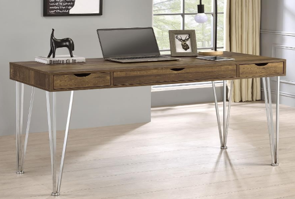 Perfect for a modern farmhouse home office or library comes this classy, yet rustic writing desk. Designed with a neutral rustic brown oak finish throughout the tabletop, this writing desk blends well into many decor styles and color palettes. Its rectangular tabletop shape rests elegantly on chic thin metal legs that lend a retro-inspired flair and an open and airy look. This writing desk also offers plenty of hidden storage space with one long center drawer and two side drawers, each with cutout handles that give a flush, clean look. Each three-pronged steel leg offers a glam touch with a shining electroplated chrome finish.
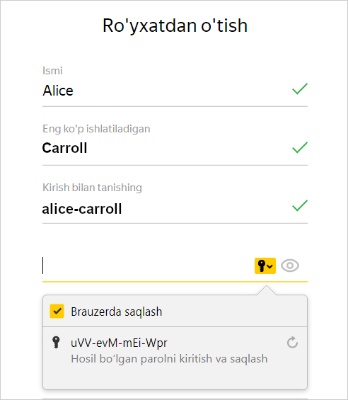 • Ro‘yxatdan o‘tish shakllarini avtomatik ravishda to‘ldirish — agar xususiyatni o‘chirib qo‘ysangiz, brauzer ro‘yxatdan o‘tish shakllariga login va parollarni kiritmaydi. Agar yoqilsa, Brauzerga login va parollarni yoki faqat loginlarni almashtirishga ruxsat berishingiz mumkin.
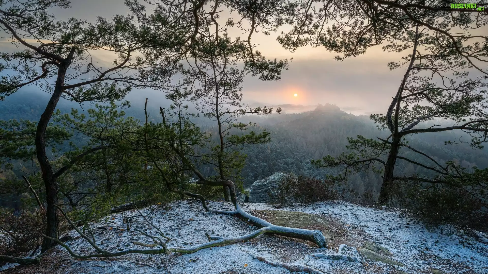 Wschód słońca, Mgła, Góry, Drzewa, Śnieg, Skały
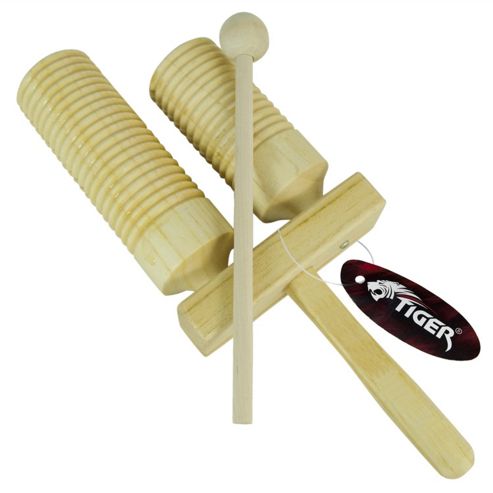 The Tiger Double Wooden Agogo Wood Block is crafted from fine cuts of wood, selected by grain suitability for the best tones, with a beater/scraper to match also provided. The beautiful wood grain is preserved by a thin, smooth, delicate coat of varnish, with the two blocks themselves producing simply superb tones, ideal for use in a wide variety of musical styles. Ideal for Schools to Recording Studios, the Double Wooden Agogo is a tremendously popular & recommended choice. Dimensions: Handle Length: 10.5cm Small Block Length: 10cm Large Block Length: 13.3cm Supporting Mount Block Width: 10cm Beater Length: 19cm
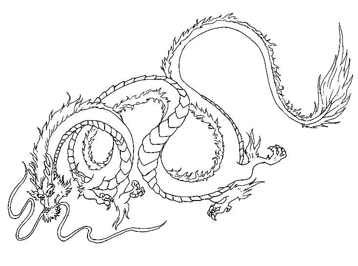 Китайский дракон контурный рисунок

...

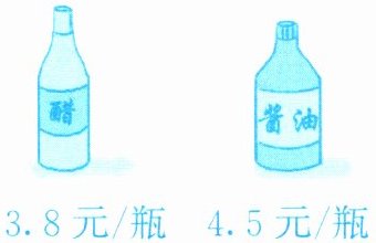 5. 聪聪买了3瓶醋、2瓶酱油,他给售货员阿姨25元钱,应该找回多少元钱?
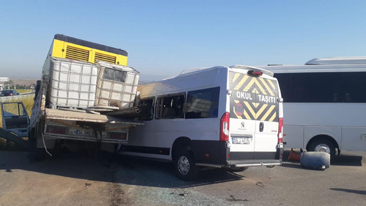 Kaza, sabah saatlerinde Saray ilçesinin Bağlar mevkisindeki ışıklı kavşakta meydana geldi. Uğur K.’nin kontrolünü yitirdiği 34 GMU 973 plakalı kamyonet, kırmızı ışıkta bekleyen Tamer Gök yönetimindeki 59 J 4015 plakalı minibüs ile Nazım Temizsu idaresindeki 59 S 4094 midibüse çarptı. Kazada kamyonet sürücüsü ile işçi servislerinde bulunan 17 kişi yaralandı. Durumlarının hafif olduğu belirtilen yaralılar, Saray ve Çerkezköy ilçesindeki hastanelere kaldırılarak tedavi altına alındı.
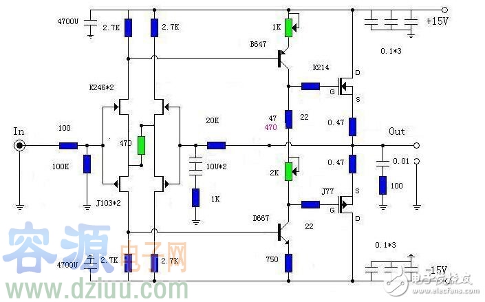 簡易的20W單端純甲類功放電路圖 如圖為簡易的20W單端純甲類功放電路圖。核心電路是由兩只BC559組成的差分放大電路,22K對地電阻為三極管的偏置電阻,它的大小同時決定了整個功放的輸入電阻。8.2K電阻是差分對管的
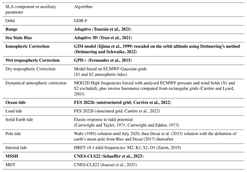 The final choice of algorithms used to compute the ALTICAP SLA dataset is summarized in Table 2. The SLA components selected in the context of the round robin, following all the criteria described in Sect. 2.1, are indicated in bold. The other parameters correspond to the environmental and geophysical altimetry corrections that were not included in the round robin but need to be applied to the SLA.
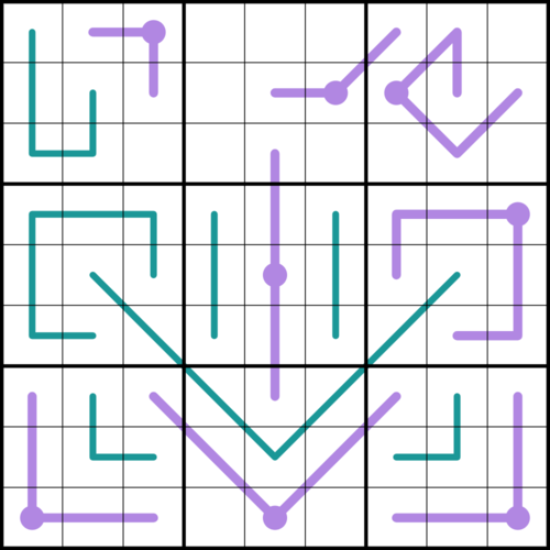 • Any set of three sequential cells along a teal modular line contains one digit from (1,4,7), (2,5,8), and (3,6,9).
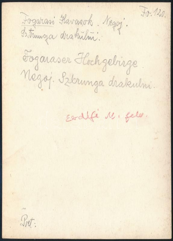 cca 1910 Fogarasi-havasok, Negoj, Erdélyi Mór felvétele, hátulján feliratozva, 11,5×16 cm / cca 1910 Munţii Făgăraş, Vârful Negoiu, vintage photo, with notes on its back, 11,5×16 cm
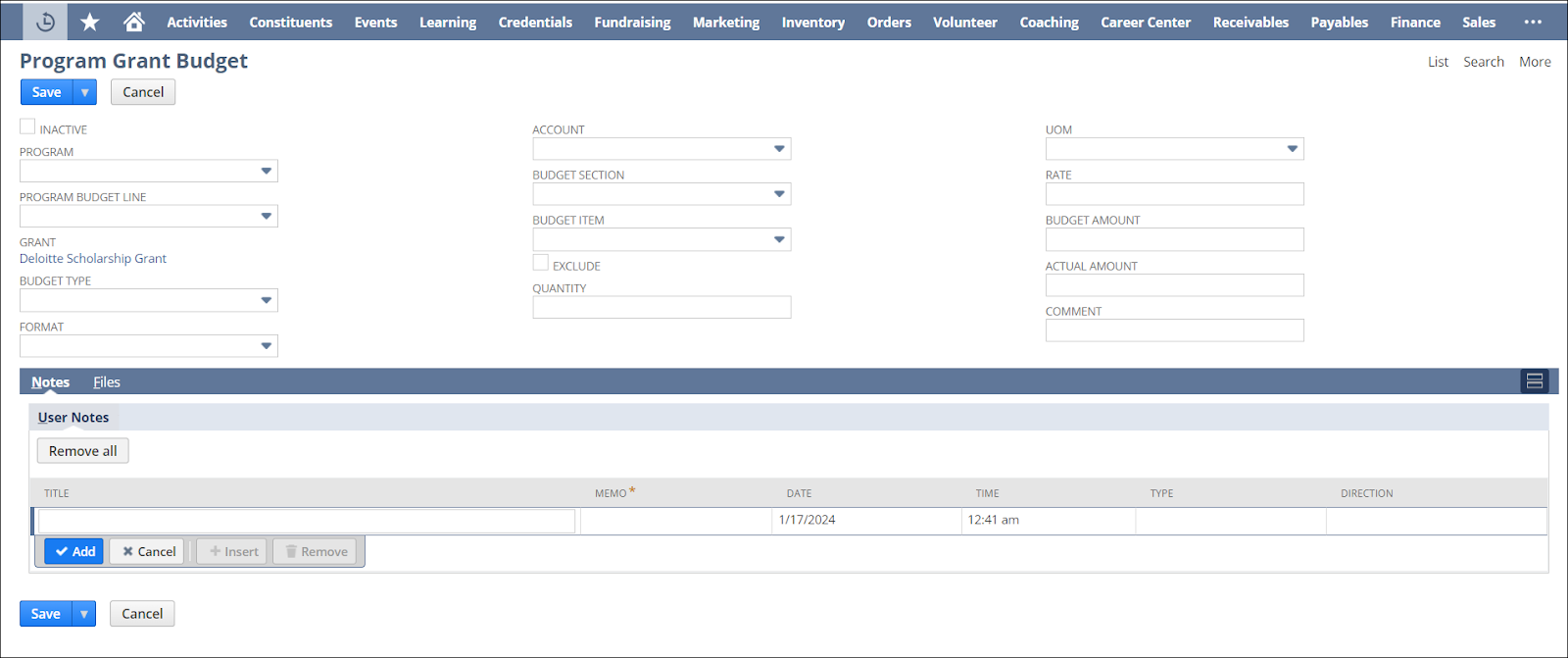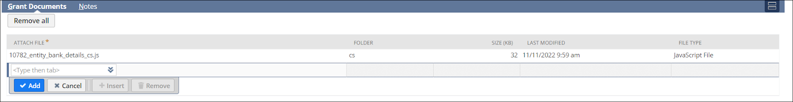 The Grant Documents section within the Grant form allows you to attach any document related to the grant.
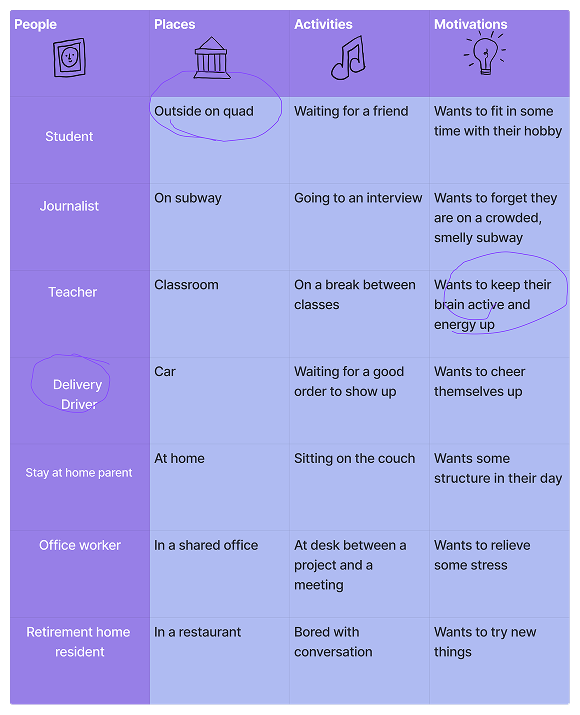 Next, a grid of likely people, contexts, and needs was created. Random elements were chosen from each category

■ Your assignment
Reproduce, exactly and only, the lines of the records above starting at the line with "簡易的20W單端純甲類功放電路圖 如圖為" and ending at the line with "The Grant Documents", both included. Leave every picture out.

■ Result of the exercise
 簡易的20W單端純甲類功放電路圖 如圖為簡易的20W單端純甲類功放電路圖。核心電路是由兩只BC559組成的差分放大電路,22K對地電阻為三極管的偏置電阻,它的大小同時決定了整個功放的輸入電阻。8.2K電阻是差分對管的
 The final choice of algorithms used to compute the ALTICAP SLA dataset is summarized in Table 2. The SLA components selected in the context of the round robin, following all the criteria described in Sect. 2.1, are indicated in bold. The other parameters correspond to the environmental and geophysical altimetry corrections that were not included in the round robin but need to be applied to the SLA.
 • Any set of three sequential cells along a teal modular line contains one digit from (1,4,7), (2,5,8), and (3,6,9).
 cca 1910 Fogarasi-havasok, Negoj, Erdélyi Mór felvétele, hátulján feliratozva, 11,5×16 cm / cca 1910 Munţii Făgăraş, Vârful Negoiu, vintage photo, with notes on its back, 11,5×16 cm
 The Grant Documents section within the Grant form allows you to attach any document related to the grant.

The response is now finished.